A principios de este setiembre el Instituto Nacional de Estadística (INE) dio a conocer el “Atlas de comunidades de los pueblos indígenas en el Paraguay 2022”, un extenso documento de cinco tomos que recoge los datos del Censo Nacional Indígena 2022. Entre otros aspectos de la dinámica poblacional, el estudio revela una mejoría en muchos indicadores sociales, aunque aún por debajo de la media nacional. En esta charla con El Gran Domingo de La Nación, la coordinadora del censo indígena Nélida Otazú y la especialista en demografía Yolanda Barrios cuentan lo que fue la experiencia y comparten algunos de los hallazgos más significativos de la evolución demográfica de estas sociedades.

El antropólogo Barto­meu Melià (s. j.) afir­maba que, así como la biodiversidad es indispensable para la salud de un ecosistema, la diversidad cultural tiene una importancia análoga en la salud de las sociedades.

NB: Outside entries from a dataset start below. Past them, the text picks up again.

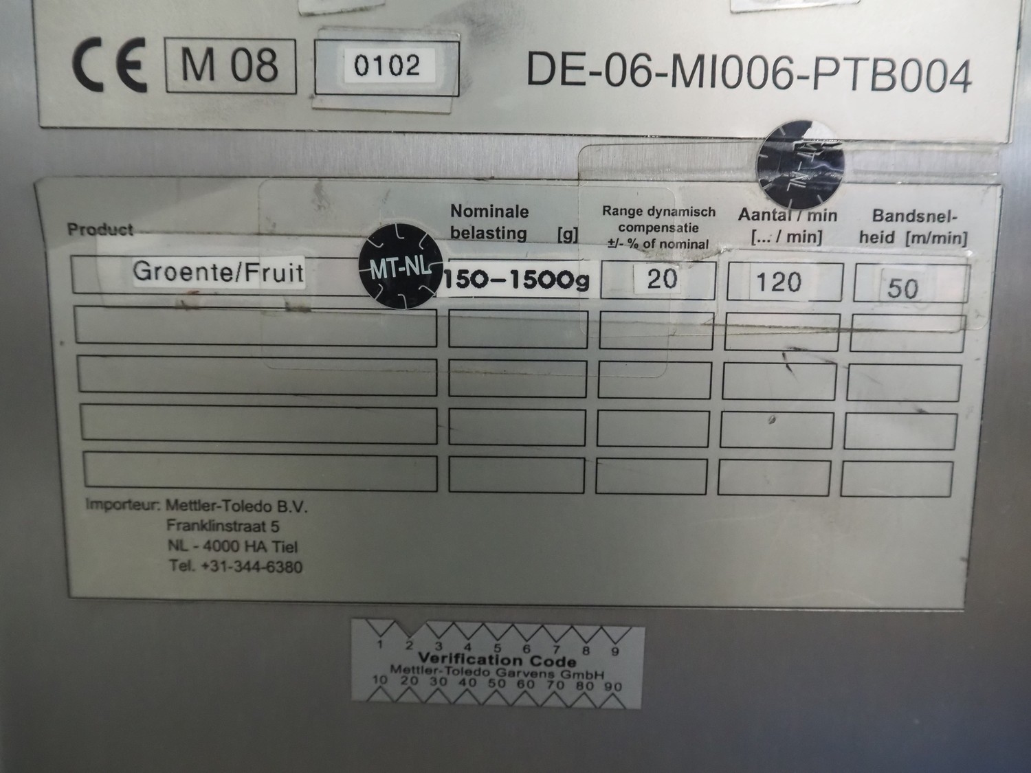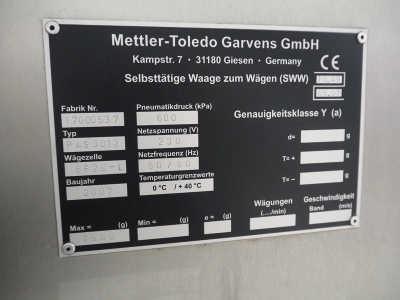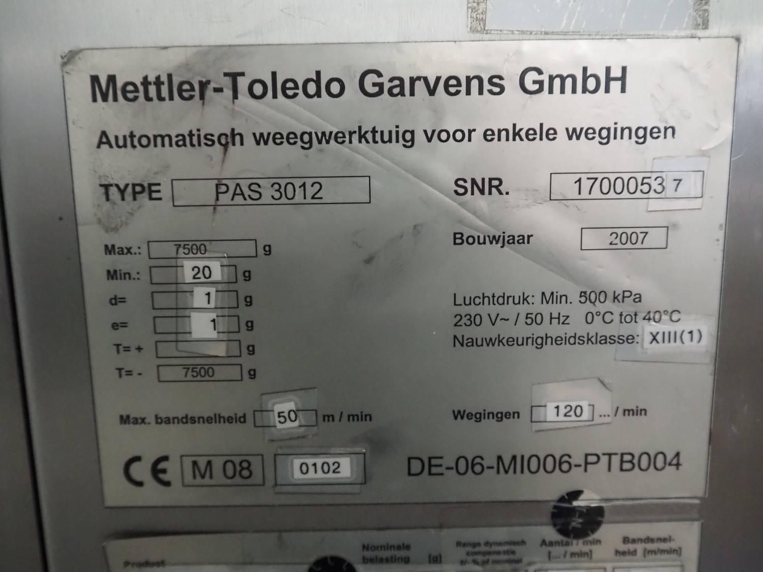 Mettler Toledo Garvens checkweigher with rejector, type: PAS3012, number: 17000537, year of construction: 2007, 230 V, 50/60 Hz, 600 kPa, maximum: 7500 gram, plastic belt, belt width: 300 mm, total dimensions: 1750 mm x 1000 mm x 1850 mm.
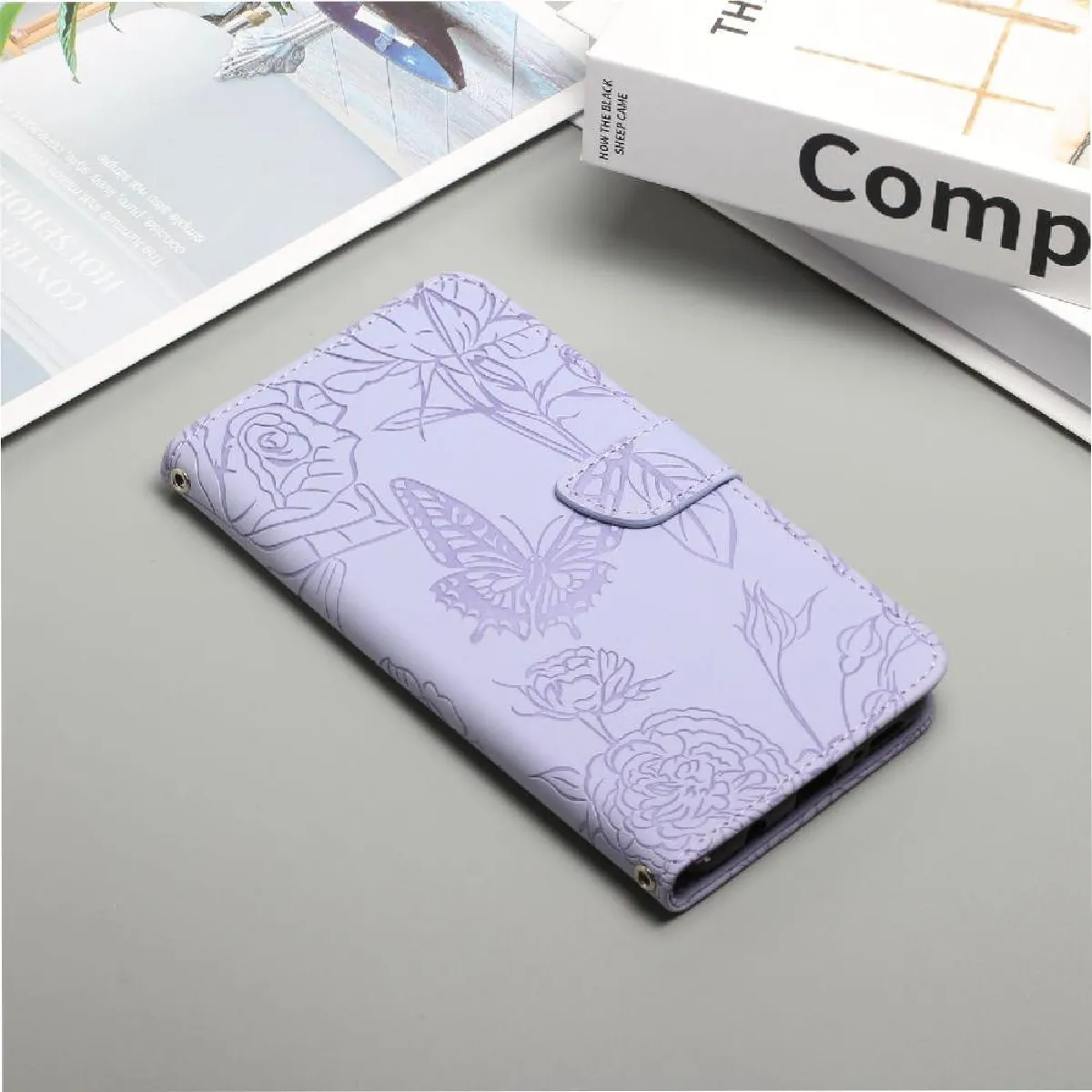 Étui téléphone portefeuille - Cuir PU fleurs et papillons - Fermeture magnétique - Antichoc - Sangle de poignet
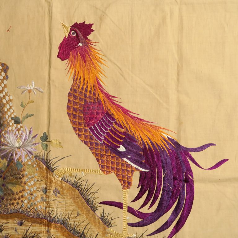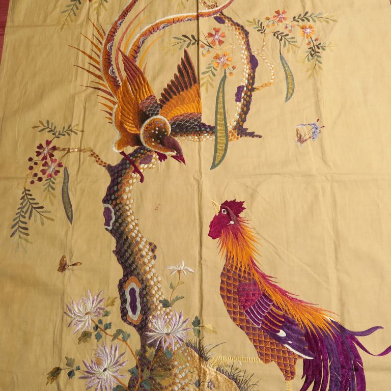 Important panneau en lin brodé en polychromie d’un coq et d’un phénix. Indochine, vers 1920. Dim. 184 x 114 cm

En efecto, todo lo que de origi­nal y singular tiene la cultura paraguaya guarda relación con lo que nos legaron nuestros ancestros indígenas, principal­mente la lengua, además de los conocimientos en materia de farmacopea natural y zoología. Coincidentemente, o no, estos son los campos científicos más promisorios en nuestro país en los que hemos logrado impor­tantes avances que debemos seguir promoviendo.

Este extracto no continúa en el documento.